Good conferences are like a good partnership—they get better with age. Or maybe it’s my age that allows me to engage more directly with the ideas around me. I felt this way last weekend when I assisted with interviewing several participants at a Flannery O’Connor conference for a documentary. Many of the interviewees, such as Bill Sessions, knew the great writer personally before her untimely death at thirty-nine from lupus. They understood how important her religious faith had been to her.

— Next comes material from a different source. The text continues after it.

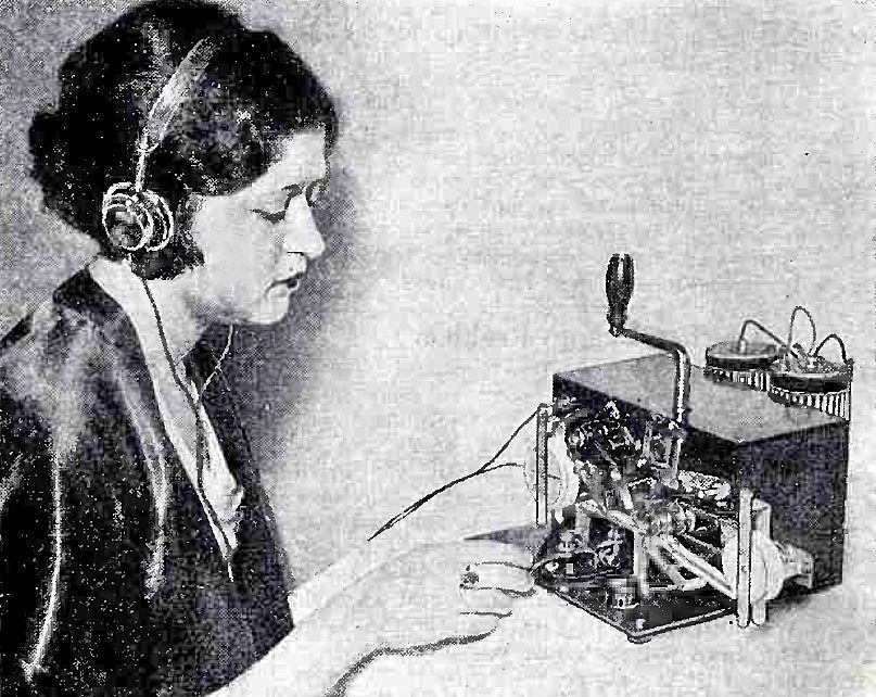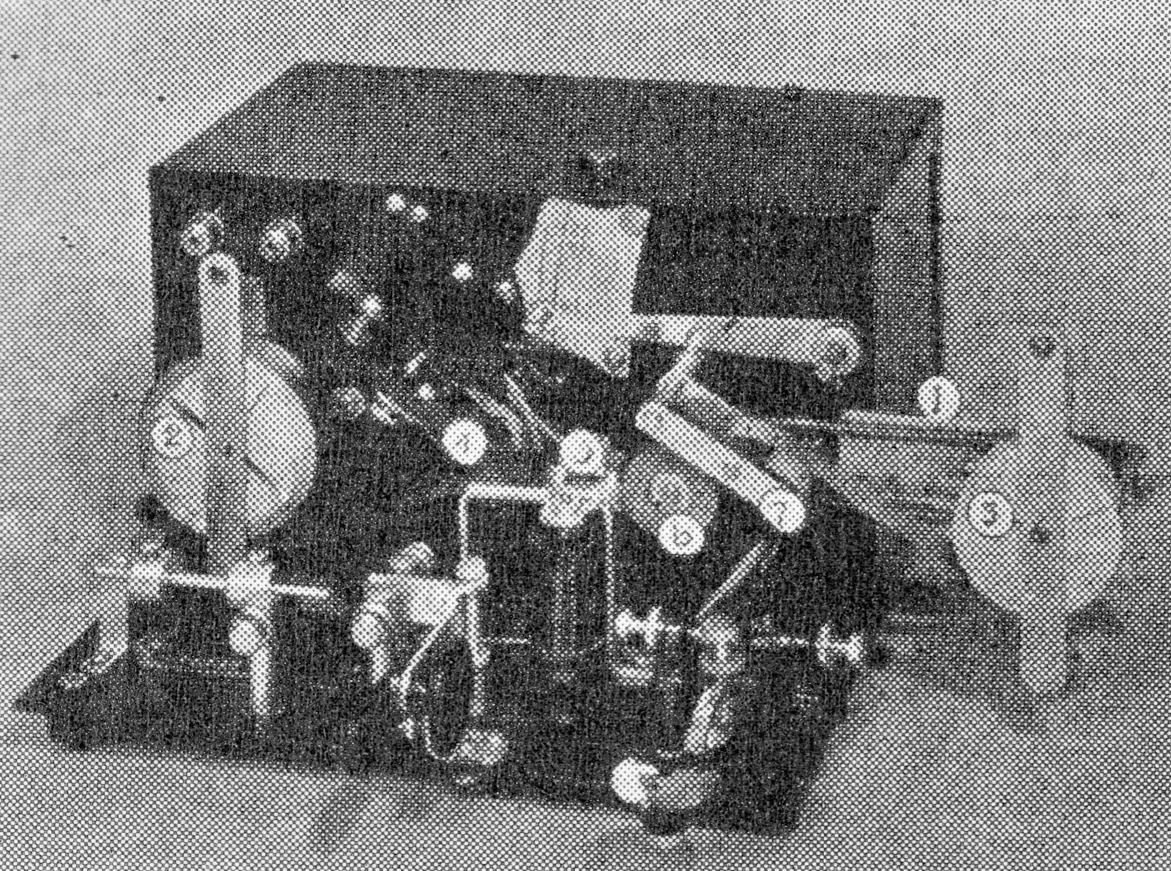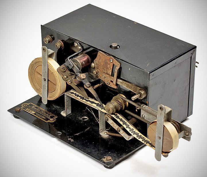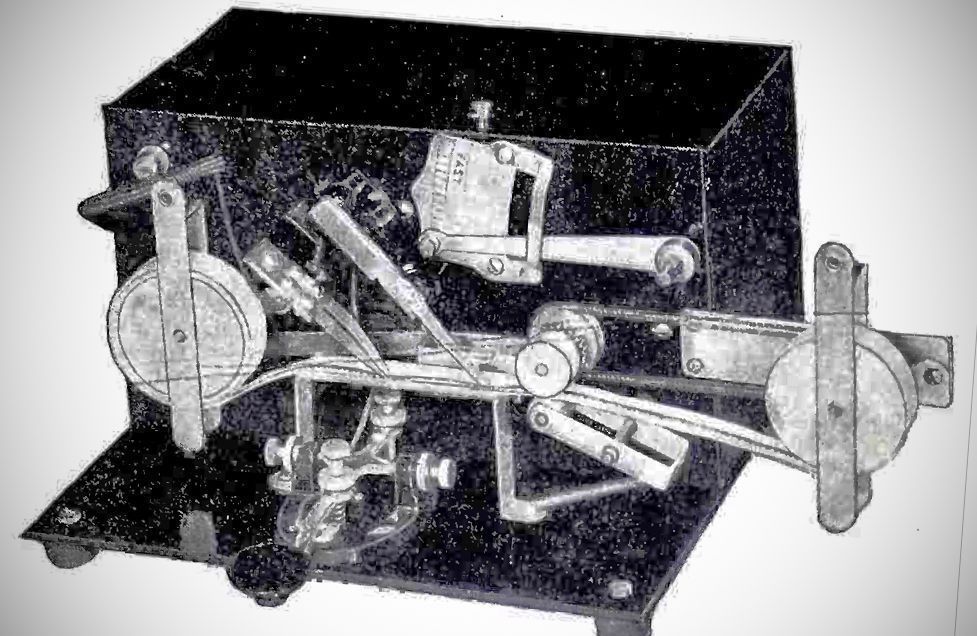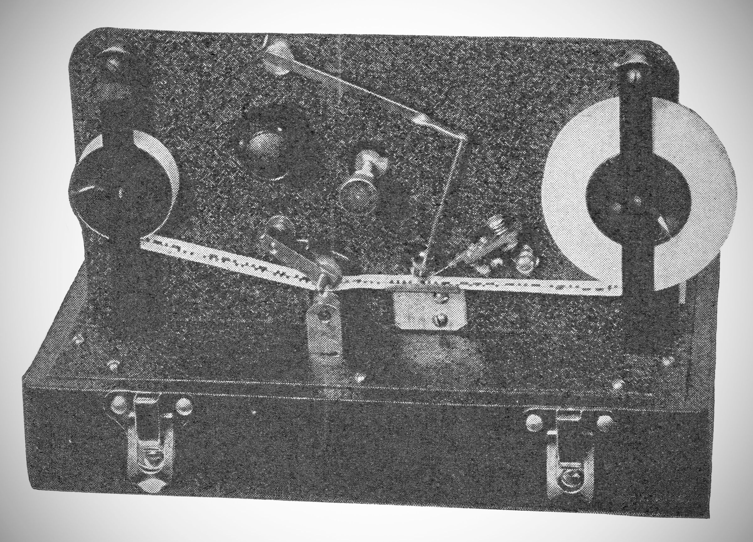 The first machine (Figure 1), introduced n 1932, recorded the operator's sending by applying ink marks on copper tape that correspond to the dots and dashes sent. During playback, the ink marks provide non-conductive areas on the tape which interrupted the flow of current, triggering an oscillator. Presumably then, the tapes could be wiped clean and reused. The variable speed drive mechanism that pulled the tape through the machine was wound with a crank. The tones made during operation were made with a battery powered 3-volt vacuum tube oscillator.

This conference was unusual, in part, because it focused on O’Connor’s moments of “Revelation and Convergence”—tracing the theological and philosophical links between O’Connor’s writing and her Catholic background. The conference speakers were enigmatic when they spoke of O’Connor. Many of them addressed how O’Connor’s work is overlooked in literary studies, particularly at the graduate level. Typically, undergrads will read “A Good Man is Hard to Find” or “Good Country People.” At the upper levels, though, O’Connor tends to get sidelined by (the mostly male) Southern “heavyweights”—William Faulkner, Robert Penn Warren or Walker Percy. The religious side of O’Connor is certainly known by some scholars of American literature, but I was not familiar with her extensive personal and professional writings on theological issues.
I was aware, however, of the southern literary push towards Catholicism because my sister, Ginny, happens to be married to Ben Tate, the son of Agrarian poet, teacher and Catholic convert, Allen Tate. Allen was married to Caroline Gordon, an important reviewer and editor for O’Connor. Besides developing New Criticism and the field of southern literary studies, Tate and Gordon publicly converted to Catholicism as adults, around the time that they met O’Connor, and helped her edit her work. Southern writers such as O’Connor, Gordon and Tate came face to face in the 1940s and ‘50s with the great injustices of their day--racism, anti-Catholicism and anti-Semitism. Many of these southern writers empathetically (and for other reasons) identified with Catholicism. The Tate’s commitments to Catholicism and to writers from the south were both reasons that O’Connor entrusted them with her early story drafts.
Besides wondering about family connections to O’Connor during the conference, I began to think about my own theological experiences growing up in the south. My sisters and I were raised Presbyterian—one of the Protestant denominations responsible for hostility against Catholics during the last century. While I was oblivious to this religious prejudice while growing up, I knew that I could trace my interests in discussing literary texts back to some of my church’s Presbyterian preachers, particularly Roland Perdue.
Pastor Perdue had left the great state of Texas when I met him in Jacksonville, Florida in the early 1980’s. He was large in size, possessed a dramatic voice, and was a fabulous storyteller. “Roland” as most friends describe him, conveyed the ethical dilemmas of the Bible in a way that reminded me of Charlton Heston parting the Red Seas in Cecil B. DeMille’s The Ten Commandments. The great insight that I had at the O’Connor conference was about how much of my own life has been shaped by the intersections of theology and literature, and by the talents of public speakers like Perdue. Even if I have not adhered to a particular faith in my adult life, I understand how the intersections between storytelling, social justice and dialogue have been crucial for me in defining my career path.
As the humanities and social sciences continue to come under fire because of a perceived “lack” of direct professional training or because of the competition from cheaper, online education, perhaps now is a good time for us to discuss how and why we teach ethical decision-making in the classroom? Or whether it is possible to teach how to write great literature via a computer screen?
What is it that happens when a student is face to face with a talented storyteller?